Et ça a continué… heure après heure… de neuf heures du soir à six heures du matin. A ce moment-là, votre correspondant était usé. Il en avait eu assez. Son travail consiste à regarder, observer et vous faire son rapport. Mais il ne peut absorber qu’une quantité finie de fesses en une seule nuit.
▪ Passons donc à ce qui se passe dans le monde de la finance…
Les actions ont un peu grimpé. L’or stagne. Nos lecteurs sont tout aussi perplexes que nous face à la manière dont le système monétaire fonctionne et ce que ça signifie. Cependant, un lecteur a réussi à formuler les choses avec précision :
"Voyons voir si je comprends bien : d’abord, les autorités ont éliminé toute contrainte, en devise réelle, sur leurs dépenses en annulant la convertibilité du dollar en or. EN PLUS, désormais, elles ont éliminé toutes les restrictions du marché sur le fait de dépenser (et de vendre de la dette) par le biais d’un processus insidieux visant à se revendre leurs dettes à elles-mêmes. Elles ont changé le paradigme sans en parler à personne. J’imagine que le message est : si vous ne pouvez pas piger par vous-même, tant pis pour vous ?"
Il n’y a plus de limite évidente, effective, sur la quantité "d’argent" que la banque centrale peut créer ou "prêter" au gouvernement |
Oui, c’est tout à fait ça. Il n’y a plus de limite évidente, effective, sur la quantité "d’argent" que la banque centrale peut créer ou "prêter" au gouvernement.
Nous mettons ces mots importants entre guillemets simplement pour indiquer qu’il faudrait des volumes entiers pour comprendre ce qu’ils signifient en réalité.

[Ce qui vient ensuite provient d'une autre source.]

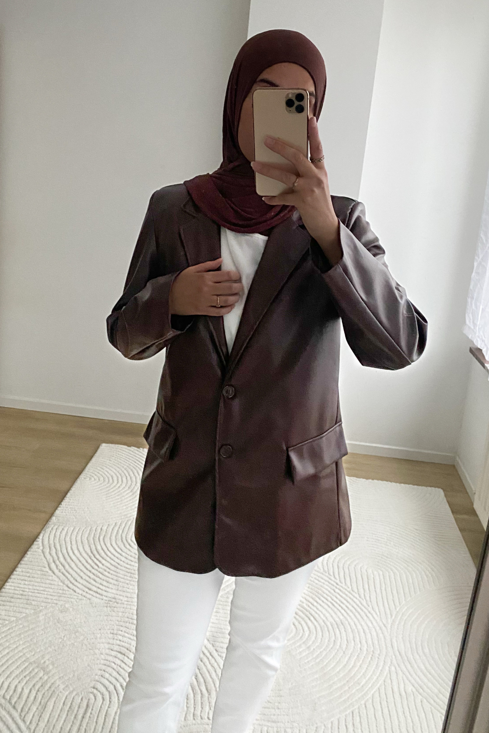 Chique en classy – de donkerbruine Faux Leather Blazer geeft elke outfit een elegante uitstraling. Met lichte schoudervullingen en een stijlvolle, verfijnde pasvorm.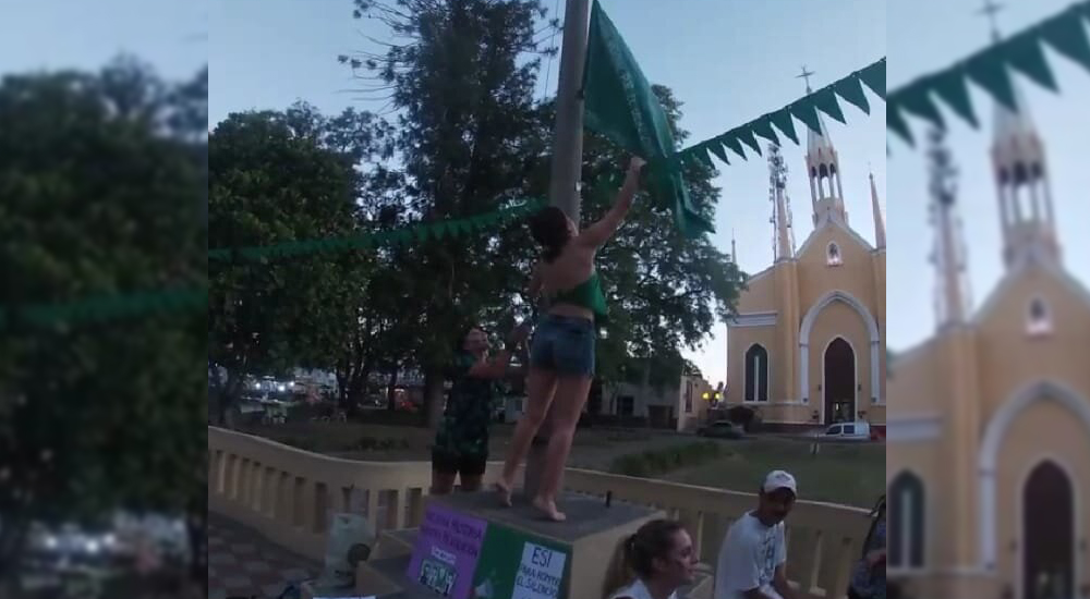 El pañuelo verde, símbolo de la lucha por el aborto legal, seguro y gratuito, fue izado como bandera en el mástil principal de la Plaza 25 de Mayo de La Paz.

C’est là, bien entendu, qu’est le problème. Le système est si nouveau et si nuancé que personne ne sait vraiment ce qui se passe — et probablement encore moins tous ceux qui affirment en avoir le contrôle.
Oui, nous vivons une drôle d’époque… et parmi les choses les plus drôles à son sujet, en cet an de grâce 2015, c’est que plus vous êtes intelligent, plus il est difficile de comprendre le système monétaire. Martin Wolf, Paul Krugman, Joseph Stiglitz, Larry Summers — des hommes "brillants", nous dit-on, tous autant qu’ils sont — n’en ont pas la moindre idée. Ils sont victimes de leur propre intellect, confiants dans le fait qu’ils peuvent tout comprendre à mesure qu’ils avancent… et ajuster la politique monétaire aux besoins du moment.
Est-ce ainsi que ça fonctionne, cher lecteur ? Peut-on improviser à mesure qu’on avance, réagissant d’abord à un événement puis à un autre ?
Nous ne pensons pas que ce soit le cas. En réalité, une illusion mène à une autre. On est comme Napoléon en route pour Moscou, Gideon Gono en route pour l’hyperinflation ou un mari volage en route pour une sieste crapuleuse. Une seule décision semble pardonnable, selon les circonstances. Ensuite, les circonstances vous piègent. On préférerait que ce soit différent. On aimerait reculer. On aimerait prendre un autre chemin. Mais il est trop tard. "Selon les circonstances", on fait ce qu’on doit faire. Ensuite, en fin de compte, on se retrouve en enfer.